PROBLEM DESCRIPTION: How many lines of these records hold the string "premium"? Reply with the number alone.

INFORMATION GIVEN:
= = = = =
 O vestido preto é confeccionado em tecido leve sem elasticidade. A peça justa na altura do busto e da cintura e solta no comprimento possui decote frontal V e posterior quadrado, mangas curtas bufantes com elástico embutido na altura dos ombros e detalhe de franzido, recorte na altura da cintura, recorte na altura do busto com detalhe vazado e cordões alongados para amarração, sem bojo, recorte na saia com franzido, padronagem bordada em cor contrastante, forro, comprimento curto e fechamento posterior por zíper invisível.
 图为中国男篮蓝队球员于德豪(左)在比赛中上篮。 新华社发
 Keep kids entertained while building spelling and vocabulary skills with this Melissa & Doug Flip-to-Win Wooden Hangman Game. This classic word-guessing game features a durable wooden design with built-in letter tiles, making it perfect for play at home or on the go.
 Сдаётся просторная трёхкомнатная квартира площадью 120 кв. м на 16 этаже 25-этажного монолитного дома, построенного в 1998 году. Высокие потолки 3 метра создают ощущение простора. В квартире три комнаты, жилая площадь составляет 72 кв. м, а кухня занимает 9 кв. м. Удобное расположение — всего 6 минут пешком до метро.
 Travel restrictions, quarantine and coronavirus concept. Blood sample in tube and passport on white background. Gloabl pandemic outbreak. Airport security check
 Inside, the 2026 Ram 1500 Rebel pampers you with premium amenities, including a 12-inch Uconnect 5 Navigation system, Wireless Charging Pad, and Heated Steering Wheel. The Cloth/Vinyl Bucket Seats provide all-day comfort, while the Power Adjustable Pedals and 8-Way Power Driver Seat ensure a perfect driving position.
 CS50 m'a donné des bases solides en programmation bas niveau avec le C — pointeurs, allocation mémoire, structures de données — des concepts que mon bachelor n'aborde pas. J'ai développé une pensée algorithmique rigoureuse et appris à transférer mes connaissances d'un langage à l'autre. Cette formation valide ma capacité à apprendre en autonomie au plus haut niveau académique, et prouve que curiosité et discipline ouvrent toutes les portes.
= = = = =
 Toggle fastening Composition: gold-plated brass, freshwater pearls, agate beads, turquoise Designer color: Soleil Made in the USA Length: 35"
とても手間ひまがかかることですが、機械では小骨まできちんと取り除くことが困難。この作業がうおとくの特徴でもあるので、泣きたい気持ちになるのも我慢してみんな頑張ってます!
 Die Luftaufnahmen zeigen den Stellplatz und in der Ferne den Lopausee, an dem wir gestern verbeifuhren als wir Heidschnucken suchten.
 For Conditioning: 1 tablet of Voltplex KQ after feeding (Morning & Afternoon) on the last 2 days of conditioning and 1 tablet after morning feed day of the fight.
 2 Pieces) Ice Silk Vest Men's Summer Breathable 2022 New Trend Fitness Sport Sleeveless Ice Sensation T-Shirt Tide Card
= = = = =
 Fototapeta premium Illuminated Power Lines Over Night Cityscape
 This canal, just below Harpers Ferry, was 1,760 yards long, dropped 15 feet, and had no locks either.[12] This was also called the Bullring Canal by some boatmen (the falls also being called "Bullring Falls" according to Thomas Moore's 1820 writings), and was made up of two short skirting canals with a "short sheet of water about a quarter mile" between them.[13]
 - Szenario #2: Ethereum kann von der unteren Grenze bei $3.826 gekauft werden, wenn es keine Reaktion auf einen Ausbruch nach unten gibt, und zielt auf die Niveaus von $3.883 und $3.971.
= = = = =
RESPONSE BOX: 2